Yes, RSP and SmartSave can help you achieve a better investment outcome in several ways:

Tax savings: RSP contributions are tax-deductible, which means you can lower your taxable income for the year by contributing to your RSP. This can save you a significant amount of money on your taxes, especially if you are in a high tax bracket.

Tax-deferred growth: Your money grows tax-deferred in an RSP, which means you don't have to pay taxes on your investment earnings until you withdraw the money in retirement. This can give your money more time to grow and compound.

Dollar-cost averaging: SmartSave allows you to invest a fixed amount of money on a regular basis, such as monthly or biweekly. This is a great way to dollar-cost average your investments, which can help to reduce your risk over time.

For example, let's say you are in a 30% tax bracket and you contribute $5,000 to your RSP in a year. This will lower your taxable income by $5,000 and save you $1,500 on your taxes.
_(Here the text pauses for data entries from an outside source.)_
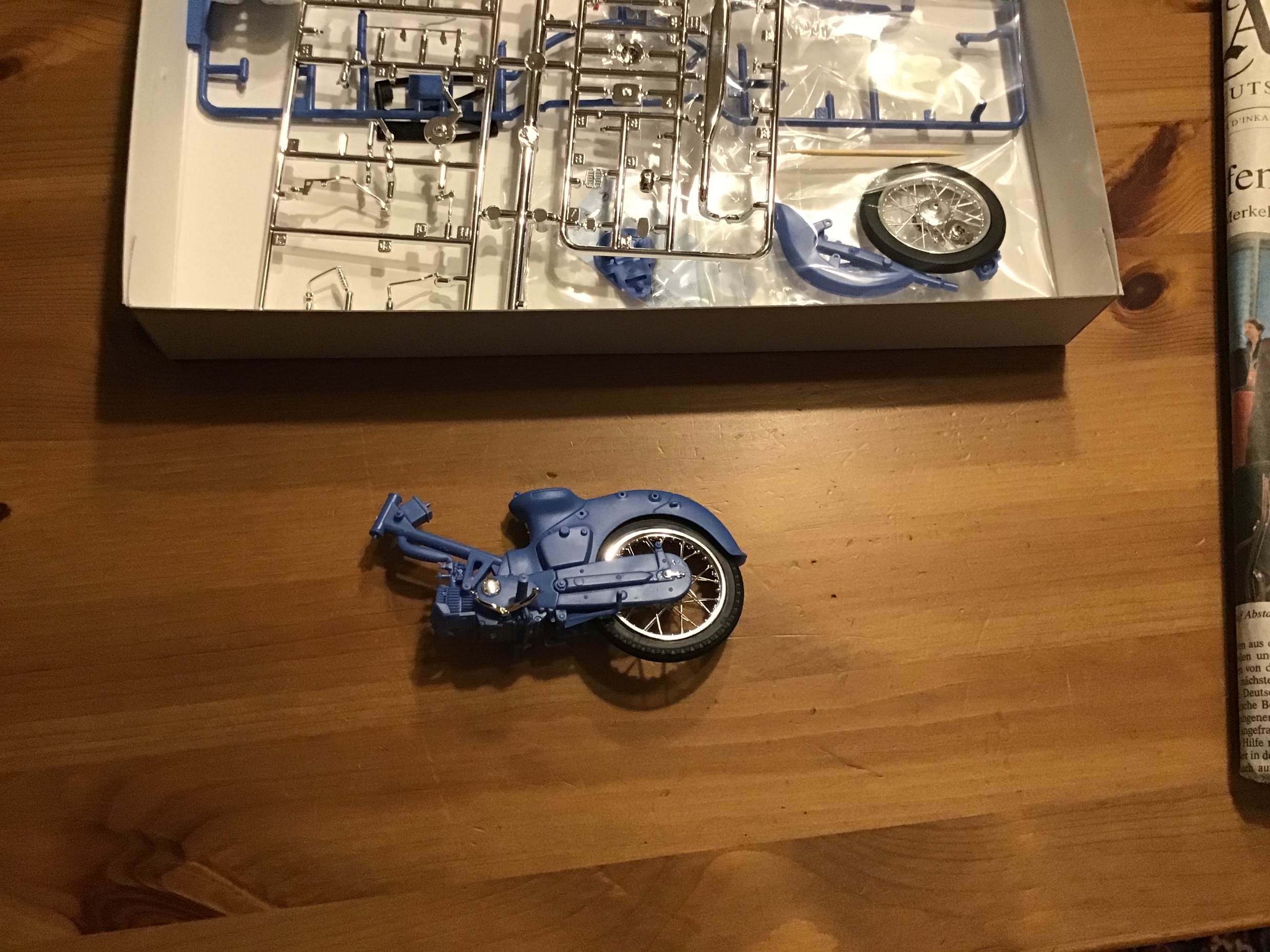 Der Sattel wurde mit gummiartigem Sprühzeugs bearbeitet, kommt realistisch rüber, bilde ich mir ein. Ist ja immerhin von 1958 oder so Das größte Gefummel war der Millimetergrosse Kettenspanner, hinten links
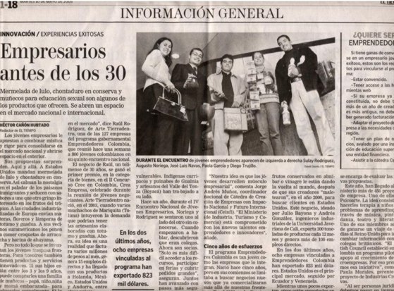 de EL TIEMPO: "Innovación- Empresarios antes de los 30"
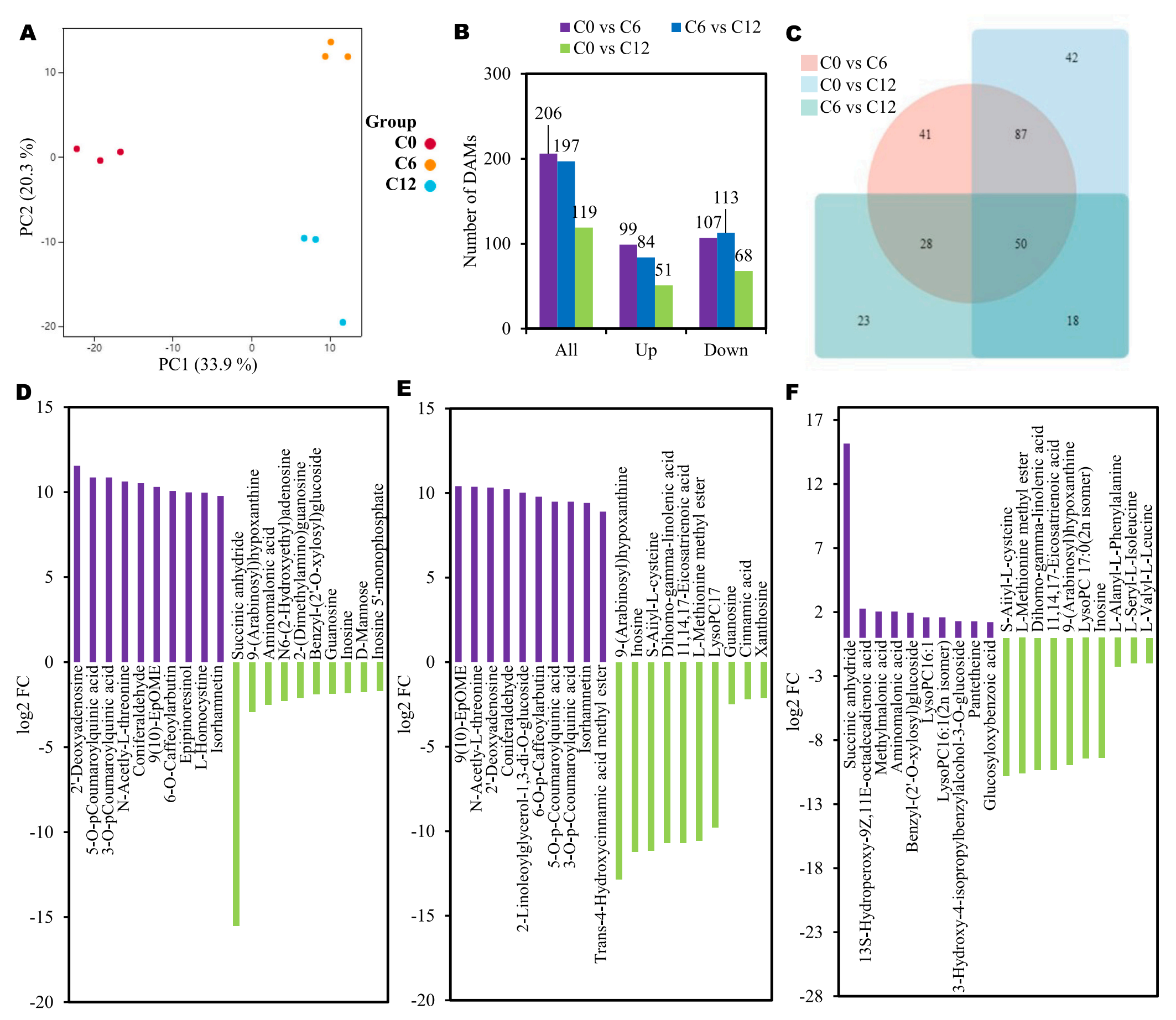 為了比較芋頭切片褐變過(guò)程中三個(gè)階段代謝物組成的差異,研究通過(guò)植物廣靶代謝組學(xué)分析,總共成功鑒定了芋頭切片中的638種代謝物。PCA分析顯示,三個(gè)儲存點(diǎn)采集的芋頭樣品具有明顯的分離性(圖2A)。在C0 vs C6中,共鑒定出206個(gè)DAMs,其中99個(gè)DAMs的豐度增加,107個(gè)DAMs的豐度減少。C6 vs C12共197個(gè)DAMs,分別有84個(gè)DAMs豐度增加,113個(gè)DAMs豐度減少。C0 vs C12包括119個(gè)DAMs,分別有51個(gè)DAMs和68個(gè)DAMs顯示豐度增加和減少(圖2B)。這些結果表明,在褐變過(guò)程中,代謝物豐度的減少幅度更大。

If your money grows at an average annual rate of 7% over 30 years, you will have accumulated over $50,000 in your RSP. At that point, you can withdraw the money in retirement and pay taxes on it at your then-current tax rate.

Without the tax savings and tax-deferred growth of an RSP, you would need to invest more money over time to achieve the same retirement savings goal.

Overall, RSP and SmartSave can be a powerful combination for achieving your financial goals. By contributing to your RSP on a regular basis and investing your money wisely, you can build a comfortable retirement nest egg.